14.2.18. crate_anon.common.stringfunc

crate_anon/common/stringfunc.py


Copyright (C) 2015, University of Cambridge, Department of Psychiatry. Created by Rudolf Cardinal (rnc1001@cam.ac.uk).

This file is part of CRATE.

CRATE is free software: you can redistribute it and/or modify it under the terms of the GNU General Public License as published by the Free Software Foundation, either version 3 of the License, or (at your option) any later version.

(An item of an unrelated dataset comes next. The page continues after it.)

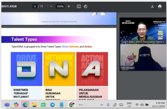 Saya mengambil kedua-dua slow SWOT Talent dan Talent DNA. Alhamdulillah saya sangat-sangat teruja dan merasakan potensi yang bagus atas kurniaan Allah untuk saya polish dan manfaatkan. Sebenarnya kita adalah insan yang Allah dah berikan segala kelebihan. Bersyukurlah dengan terus bertindak agar menjadi insan yang berkualiti dari segi kerjaya dan kehidupan.

CRATE is distributed in the hope that it will be useful, but WITHOUT ANY WARRANTY; without even the implied warranty of MERCHANTABILITY or FITNESS FOR A PARTICULAR PURPOSE. See the GNU General Public License for more details.

You should have received a copy of the GNU General Public License along with CRATE. If not, see <https://www.gnu.org/licenses/>.


Simple string functions.

crate_anon.common.stringfunc.compress_docstring(docstring: str) str[source]

Splats a docstring onto a single line, compressing all whitespace.

crate_anon.common.stringfunc.does_text_contain_word_chars(text: str) bool[source]

Is a string worth treating as interesting text – does it contain “word” characters?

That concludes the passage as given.